Carbon is the miraculous element that creates life, along with diamonds, graphite, fullerenes, nanotubes, graphene, graphdiyne, and more. Among them, graphite, which we are most familiar with, has become an increasingly important carbon material with the development of science and technology.

Graphite is used for a variety of purposes, but one of the most thriving applications is for anodes for lithium-ion batteries, which are critical to the electric vehicle industry. For example, the average Tesla Model S requires 54kg of graphite.

As the world's demand for carbon-based materials such as graphite increases, such materials will become more and more difficult to obtain, and many scientists have therefore begun to explore more possibilities for making carbon.

A team of researchers has proposed a new type of carbon solid, which they call "amorphous graphite." In their paper published in Physical Review Letters, the researchers describe the de novo synthesis of amorphous graphite. Their research started with a question: Can we make graphite from coal?

Graphitization at high temperature

In chemistry, the process of converting an amorphous turbostratic carbonaceous material into a layered graphitic structure through high temperature heat treatment is called graphitization. What the team is after is Ab initio, which can be understood as "de novo", that is, they hope to find a new route from naturally occurring carbonaceous materials, to synthetic forms of graphite.

In the study, the team showed through molecular dynamics simulations with ab initio calculations and machine learning that pure carbon networks have a distinct, even overwhelming tendency to switch to a layered structure in a critical window of density and temperature, even if Delamination can also occur with random initial configurations.

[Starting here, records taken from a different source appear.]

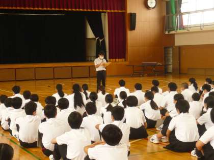 最初に司会のあいさつです。1年生にはガイドブックが配付されました。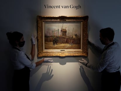 Incertidumbre, cautela, ansiedad, sorpresa… La población mundial se encuentra estos días en un estado de ciclotimia cuyas subidas y bajadas dependen de cómo se despierte esa mañana Donald Trump y las decisiones que tome después del desayuno. El mercado del arte no es ajeno a estos vaivenes emocionales porque sigue sin saber si los aranceles que primero anunció el presidente de Estados Unidos el 2 de abril y luego rectificó el 9, afectan a su materia prima: las obras de arte. El desconocimiento es tal que asociaciones de marchantes británicos, belgas y casas de subastas como Sotheby’s han lanzado comunicados en los que no se ponen de acuerdo sobre si estas tasas aumentarán los precios de cuadros, esculturas, grabados, dibujos… Y cuáles serán las consecuencias. En este momento, solo hay un dato contrastado, las ventas mundiales en este sector alcanzaron los 57.500 millones de dólares (casi 52.000 millones de euros) en 2024, lo que supone un descenso global del 12% con respecto a 2023, según el informe anual elaborado por Art Basel y el banco UBS.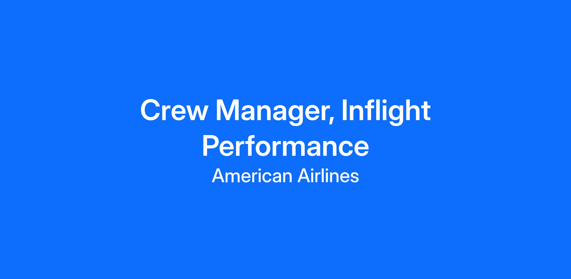 Crew Manager, Inflight Performance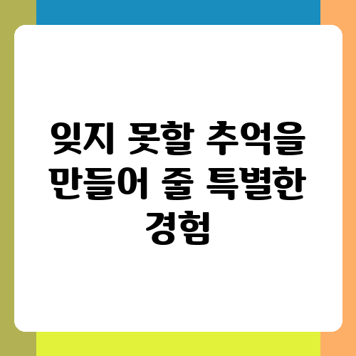 잊지 못할 추억을 만들어 줄 특별한 경험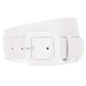 WHIPPY Women Leather Belt Candy Color Fashion Square Buckle Belt Ladies Belt for Jeans Pants Dresses White XL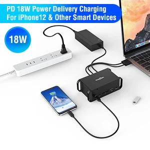 【 Power ed Hub с 18 Вт USB C PD для iPhone12 и smartphone】 с независимым адаптером переменного тока для ноутбука 96 Вт, все порты док-станции имеют максимальный источник питания, обеспечивает стабильную производительность (питание MacBook Pro/Air на полной скорости); Доставка энергии на 18 Вт USB-C порт обеспечивает супер быструю зарядку вашего телефона, Не покупайте дополнительное настенное зарядное устройство для iPhone ..

They discovered a layered material called amorphous graphite that forms at high temperatures of about 3,000 degrees Kelvin. Since this phase is topologically disordered, it differs from graphite itself.

If you look closely at the monolayer planes, that is, amorphous graphene, they are not the perfect hexagonal layers that make up ideal graphene. The new material contains a large number of hexagons, but also pentagons and heptagons.

This ring disorder reduces the conductivity of the new material compared to graphene, but remains high in regions dominated by hexagons.